> **What is expected**
Please repeat, exactly as written, the line containing "永久电动三轮车家用小型老人代步电动三轮车女士接送孩子电瓶车" and every line after it through the end of the records below, leaving out any pictures.

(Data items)
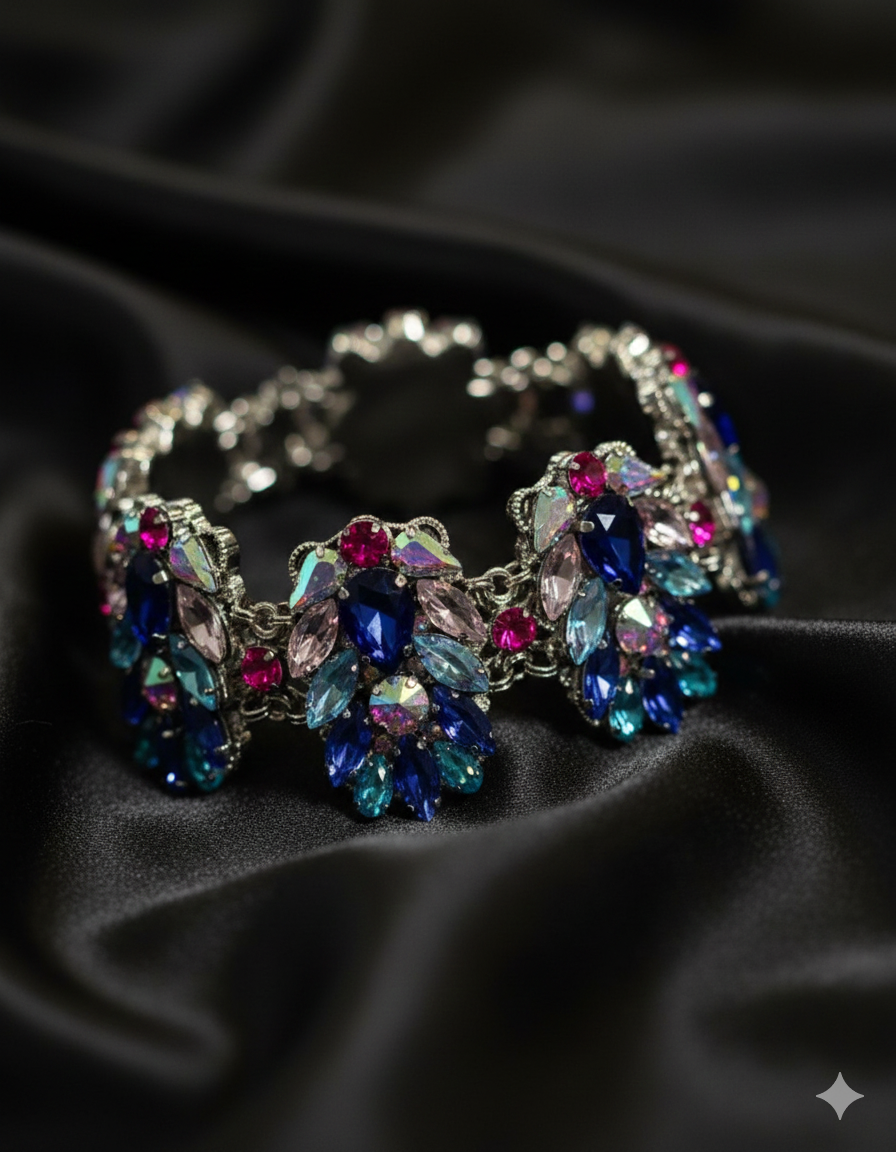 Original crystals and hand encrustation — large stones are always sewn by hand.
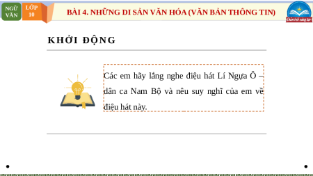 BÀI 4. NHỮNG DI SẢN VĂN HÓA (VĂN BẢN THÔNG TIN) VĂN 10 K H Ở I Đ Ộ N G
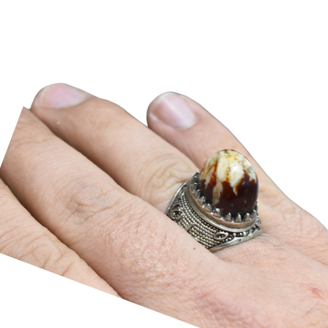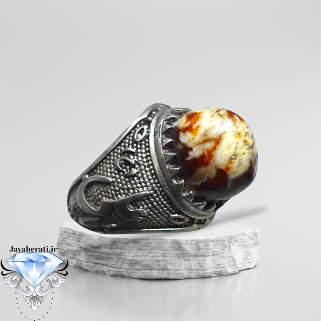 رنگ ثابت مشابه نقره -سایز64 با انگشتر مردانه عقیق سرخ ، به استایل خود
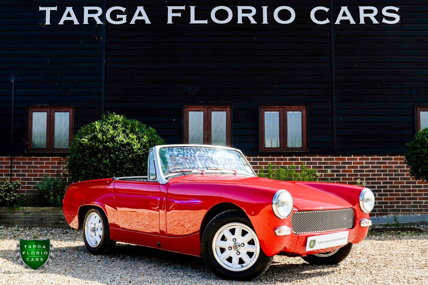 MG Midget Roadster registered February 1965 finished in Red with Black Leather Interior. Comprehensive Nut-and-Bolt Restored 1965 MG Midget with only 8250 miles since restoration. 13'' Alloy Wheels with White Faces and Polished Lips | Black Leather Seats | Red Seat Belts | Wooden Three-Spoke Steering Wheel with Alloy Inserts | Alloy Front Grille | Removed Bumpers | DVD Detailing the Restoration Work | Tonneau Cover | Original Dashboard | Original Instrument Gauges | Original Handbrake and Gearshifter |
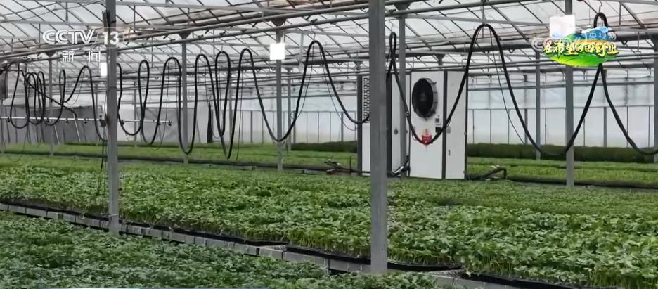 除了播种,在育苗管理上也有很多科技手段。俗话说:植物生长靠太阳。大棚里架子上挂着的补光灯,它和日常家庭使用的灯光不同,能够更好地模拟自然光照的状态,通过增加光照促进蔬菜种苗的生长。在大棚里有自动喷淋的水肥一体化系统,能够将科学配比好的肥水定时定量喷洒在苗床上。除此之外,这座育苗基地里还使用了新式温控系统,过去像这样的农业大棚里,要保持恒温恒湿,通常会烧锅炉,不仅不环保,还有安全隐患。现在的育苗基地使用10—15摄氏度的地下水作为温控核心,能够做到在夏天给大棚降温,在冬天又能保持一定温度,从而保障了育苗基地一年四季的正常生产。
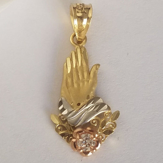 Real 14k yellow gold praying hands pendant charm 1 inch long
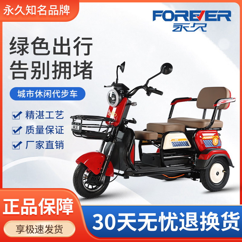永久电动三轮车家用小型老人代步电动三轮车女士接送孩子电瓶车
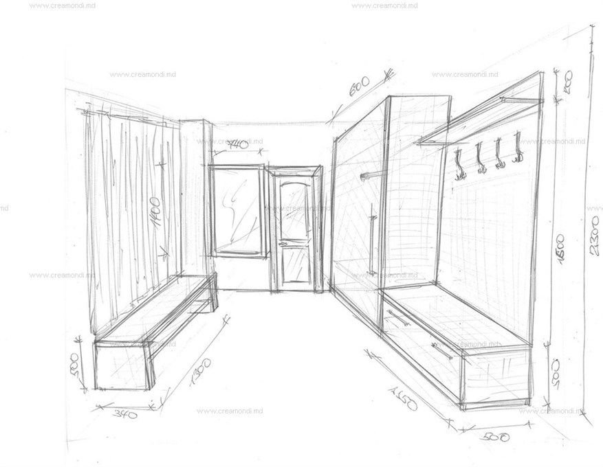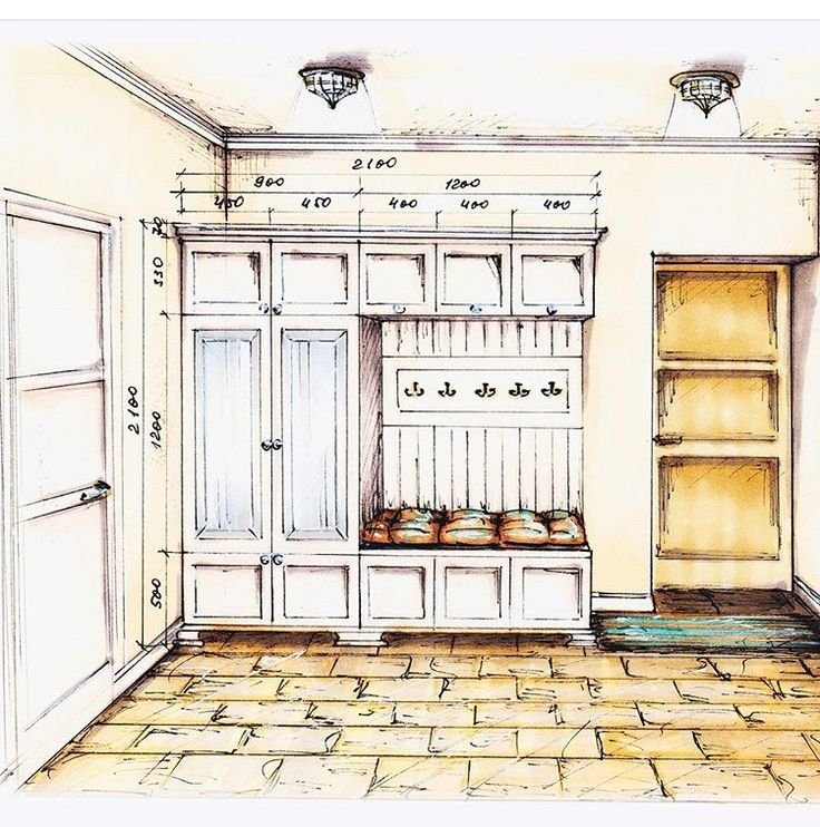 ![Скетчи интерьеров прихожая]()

> **Expected output**
永久电动三轮车家用小型老人代步电动三轮车女士接送孩子电瓶车
 ![Скетчи интерьеров прихожая]()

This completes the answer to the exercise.